I am talking about this because of deceitfulness, resource efficiency, societal implications of technology.

replies(1): >>43648414 #
7. simonw ◴[] No.43648414{6}[source]
"That is the premise of LLM-as-AI" - I assumed that was an AGI reference. My definition of AGI is pretty much "hyped AI". What did you mean by "LLM-as-AI"?

In my own writing I don't even use the term "AI" very often because its meaning is so vague.

You're right to call me out on this: I did, in this earlier comment - https://news.ycombinator.com/item?id=43644662#43647037 - commit the sin of responding to something you hadn't actually said.

(Worse than that, I said "... is uninformed in my opinion" which was rude because I was saying that about a strawman argument.)

I did that thing where I saw an excuse to bang on one of my pet peeves (people saying "LLMs can't create new code if it's not already in their training data") and jumped at the opportunity.

I've tried to continue the rest of the conversation in good faith though. I'm sorry if it didn't come across that way.

replies(1): >>43651778 #
8. fergal_reid ◴[] No.43648989{4}[source]
You are correct that variable results could be a symptom of a failure to generalise well beyond the training set.

Such failure could happen if the models were overfit, or for other reasons. I don't think 'overfit', which is pretty well defined, is exactly the word you mean to use here.

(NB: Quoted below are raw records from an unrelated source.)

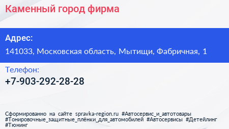 Каменный город, фирма по адресу 141033, Московская область, Мытищи, Фабричная, 1 в дальнейшем Организация, размещена в следующих категориях:
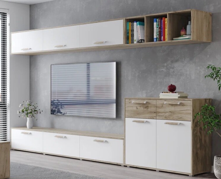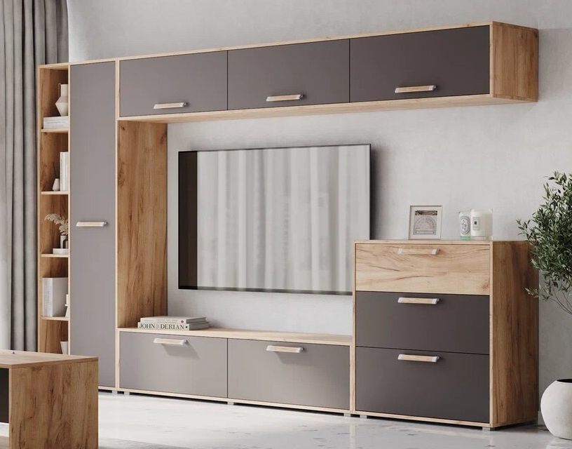 Доступна в нескольких цветовых решениях: Дуб золотой/Графит, Дуб серый/Белый, что позволяет выбрать подходящий вариант под Ваш интерьер.
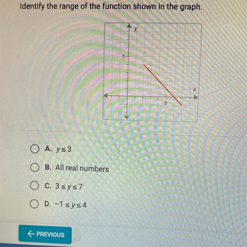 Identify the range of the function shown in the graph. A. ys3 OB. All real numbers C. 3 sys7 D. -1 sy≤4 5- 5
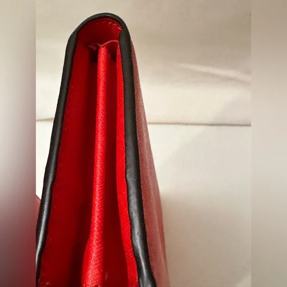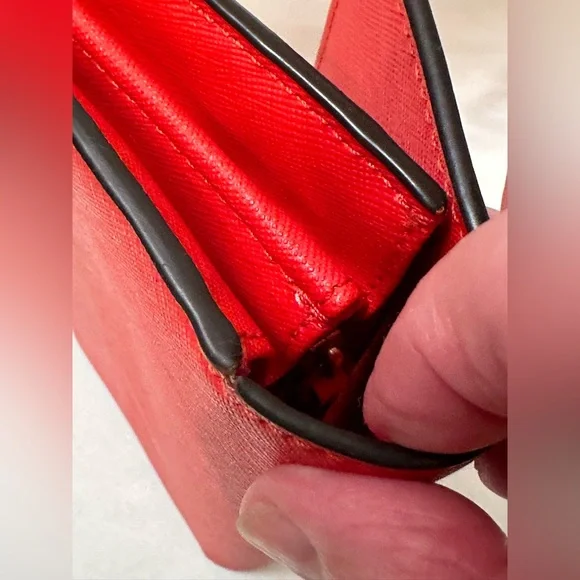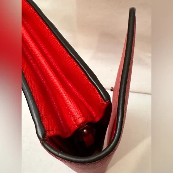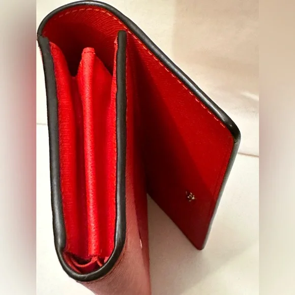 Size is 7 1/2 x 4 1/4 with 6 cc slots3 on each side, in the middle a coin pocket with zipper( very minor residue) and one billfold pocket. Very minor issue on piping. . Snap is snappy and zipper zippy😉any questions please don’t hesitate to contact me. It’s overall in beautiful condition knowing it is pre-loved.
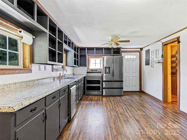 Motivated Seller Alert!! All offers will be considered. Nestled in the picturesque countryside near downtown Sylva, this delightful farmhouse cottage offers a serene retreat with all the charm of a classic homestead. This three-bedroom, one-bathroom home boasts a warm and inviting atmosphere. The expansive garden area is ideal for cultivating your favorite plants, while the charming chicken coop is ready for you to enjoy farm-fresh eggs. Views offering year-round enjoyment of the rolling mountain landscape. In addition to the main home, a detached utility building includes a versatile workshop area-perfect for hobbies, crafts, or additional storage. It also offers 908 sf of finished & heated space complete with a full bathroom & kitchen perfect for any number of at home uses. Whether you need a dedicated space for creative projects, or an at home office arrangement, this unit offers endless flexibility. Embrace the tranquility of country living with modern comforts and stunning natural beauty. Room for expansion with nearly ten acres to explore and an RV parking pad! Sellers offering heating concession at closing in order to upgrade the heating system in the main house.
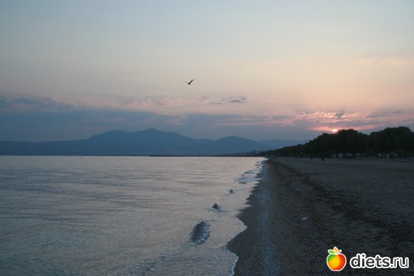 Мне эта идея пришлась по душе, и я стала прогуливаться каждое утро по бульвару, благо, была весна. Со временем просто так гулять стало скучновато, поэтому я стала гулять быстро. И даже очень быстро. И перешла на спортивную ходьбу. Это мне очень понравилось, и я стала ходить везде, где получится. В смысле, если куда ехала в командировку или в отпуск, стала брать с собой хорошие кроссовки и удобную форму. Самое любимое место для ходьбы для меня нашлось в поселке Агиа Триада, что в 10 км по берегу моря к югу от Салоников, в северной Греции. Я любила приезжать туда каждый год в конце августа - начале сентября на две недели, и каждый день вставала в 6:30 утра, чтобы выйти на набережную. 3км туда и 3 обратно. Строго говоря, на трех километрах было три поселка, вот я с без десяти семь до без четверти восемь их туда-сюда протопывала. В начале сентября солнце появляется из-за горы как раз в это время. Идешь себе с ветерком, нежарко, морем пахнет - лепотааа!
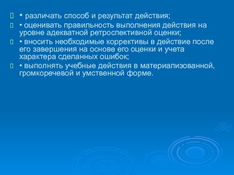 • выполнять учебные действия в материализованной, громкоречевой и умственной форме.
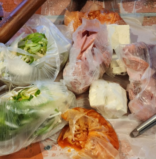 캠핑 가는 조식으로 부대찌개를 준비하기 위해여 노브랜드 옥정점에 가려고 했다가 건물이 헷갈려서 옆 건물에 주차를 했다. 이런 낭패가 싶을 때 부대찌개 테이크아웃 전문점이 이 건물에 있구나.~~ 더운데 차 빼서 다시 오기도 귀찮아서 처음으로 땅스부대찌개를 구매해 봤다. 노브랜드에도 자체적으로 전골형식으로 판매하는 부대찌개 밀키트가 있다. 가격도 만원 안팎이고 맛도 괜찮다. 땅스부대찌개는 전문점이라고 하니 더 맛있겠다 싶었다. 총 9인분을 포장해 왔다. 사리면까지 포함하여 육수랑 각종 재료들이 개별 포장이 되어 있다. 찌개 육수는 매운맛과 보통맛이 있어서 매운맛 1개와 보통맛 2개로 했다. 섞어서 끓이면 좋을 것 같았다.각종 재료들의 구성이 꽤 괜찮구나 싶다. 몰랐다. 주차를 잘못하여 구매해온 양주 옥정 땅스부대찌개 모두들에게 괜찮았나 보다.
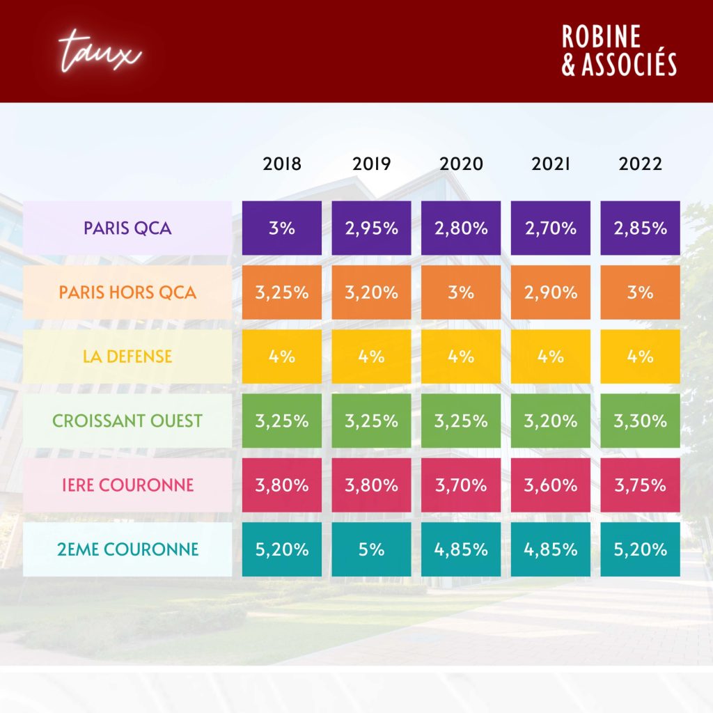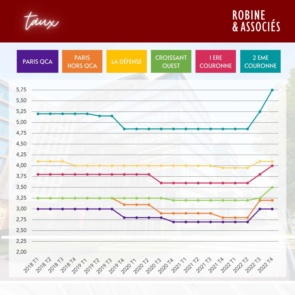 Bureaux – Évolution des taux de rendement prime de 2018 à 2022
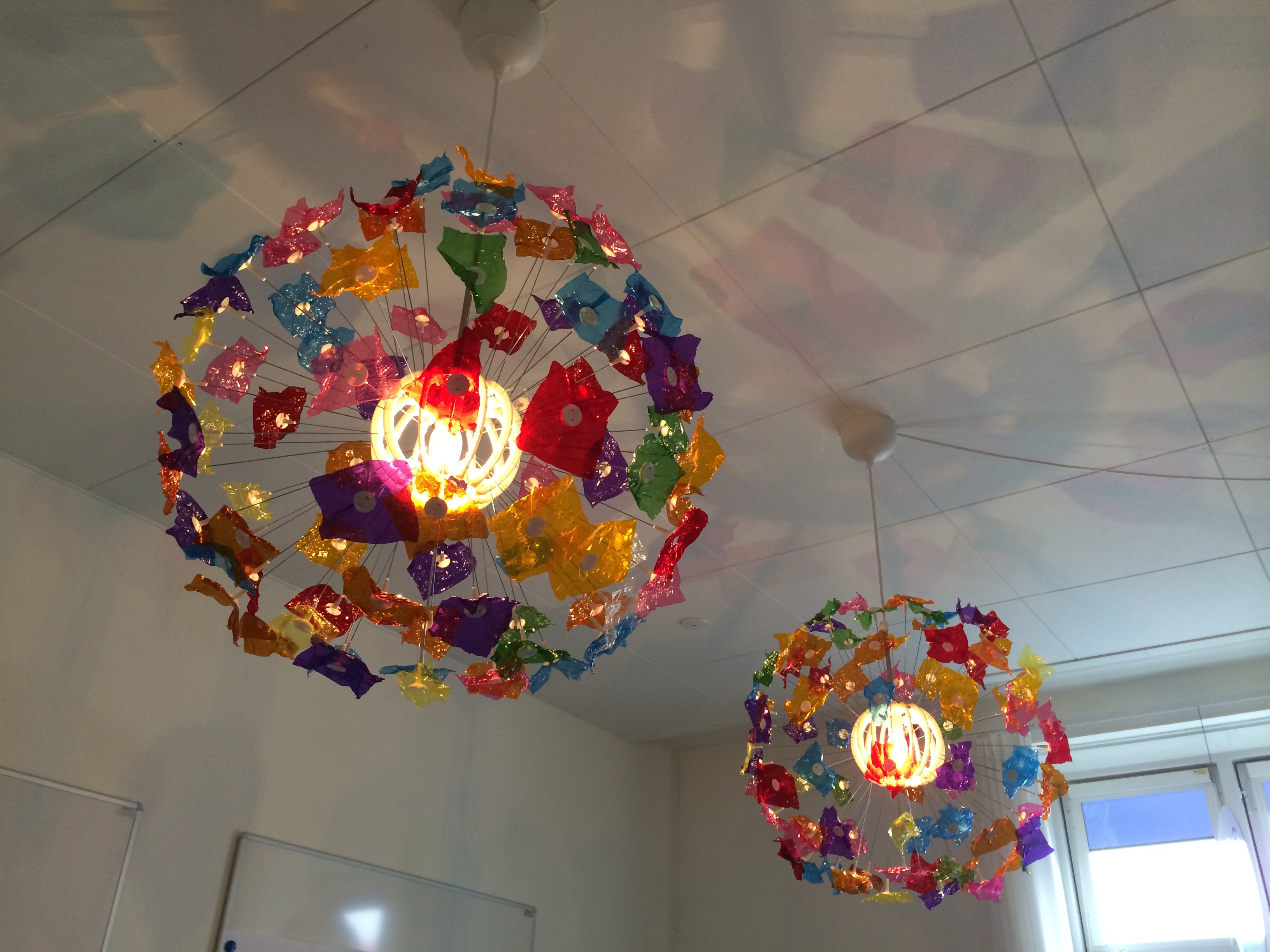 Lamperne er købt nye, men ideen er god, hvis du har lampen, men er blevet træt af blomsterne. Eksempelvis kan lampen gøre lykke på børneværelset i den farverige udgave.
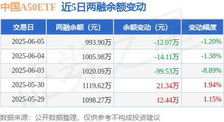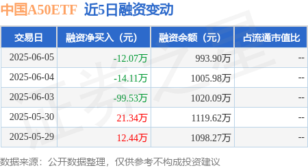 中国A50ETF:6月5日融资买入36.57万元,融资融券余额993.9万元
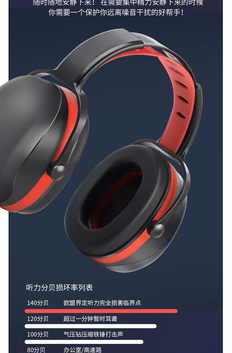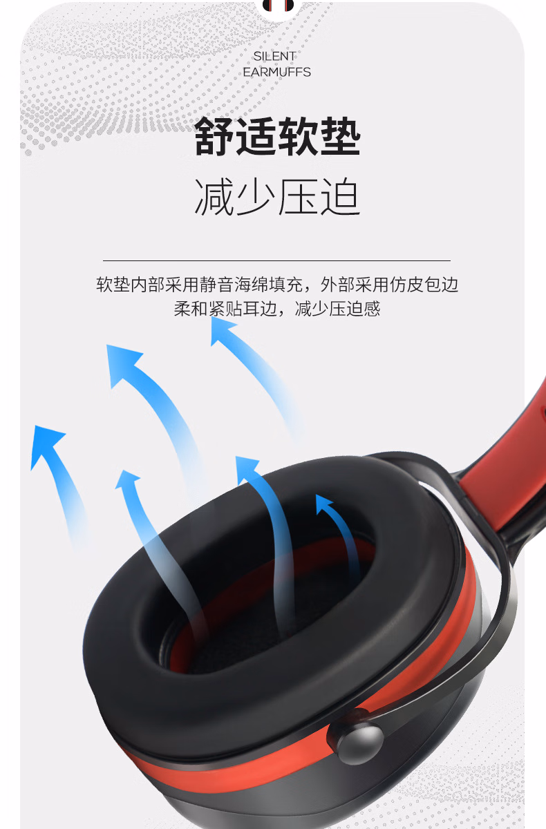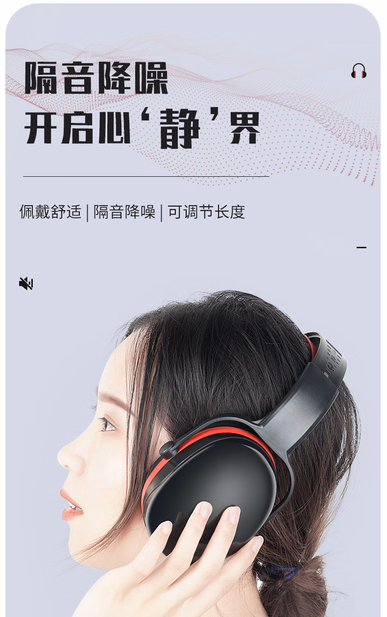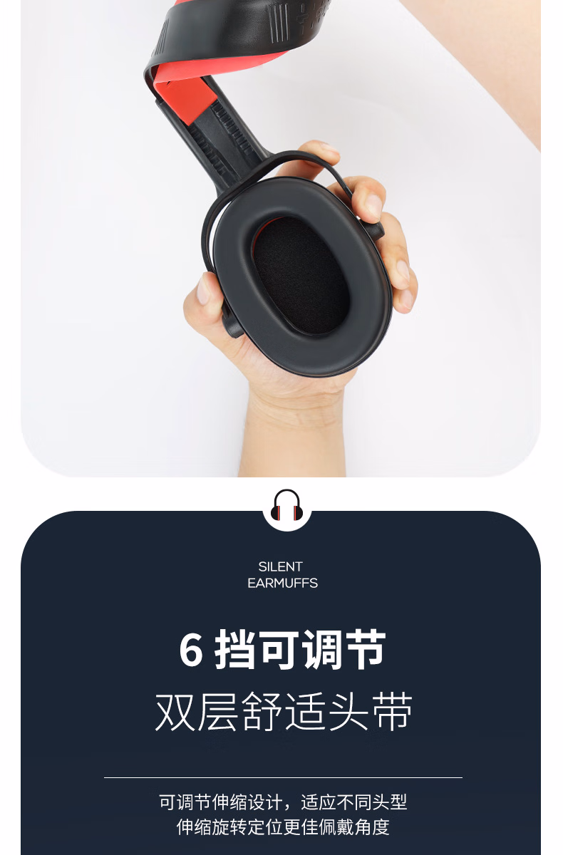 > 嘉柏兰隔音耳罩降噪睡觉耳机睡眠耳塞专用超强工业静音3m耳罩侧睡神器 黑红伸缩款【舒适降噪】
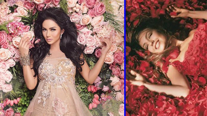 Di foto tersebut, Krisdayanti menjelma bak seorang ratu di atas hamparan bunga.

However, I respectfully disagree with your claim. I think they are generalising well beyond the training dataset (though not as far beyond as say a good programmer would - at least not yet). I further think they are learning semantically.

Can't prove it in a comment except to say that there's simply no way they'd be able to successfully manipulate such large pieces of code, using English language instructions, it they weren't great at generalisation and ok at understanding semantics.

replies(1): >>43651066 #
9. namaria ◴[] No.43651066{5}[source]
I understand your position. But I think you're underestimating just how much training data is used and how much information can be encoded in hundreds of billions of parameters.

But this is the crux of the disagreement. I think the models overfit to the training data hence the fluctuating behavior. And you think they show generalization and semantic understanding. Which yeah they apparently do. But the failure modes in my opinion show that they don't and would be explained by overfitting.

10. mdp2021 ◴[] No.43651778{7}[source]
> My definition of AGI is pretty much

Simon, intelligence exists (and unintelligence exists). When you write «I'm not claiming LLMs can invent new computer science», you imply intelligence exists.

We can implement it. And it is somehow urgent, because intelligence is very desirable wealth - there is definite scarcity. It is even more urgent after the recent hype has made some people perversely confused about the idea of intelligence.

We can and must go well beyond the current state.

11. anon373839 ◴[] No.43676009[source]
I’ve spent a fair amount of time trying to coax assistance out of LLMs when trying to design novel or custom neural network architectures. They are sometimes helpful with narrow aspects of this. But more often, they disregard key requirements in favor of the common patterns they were trained on.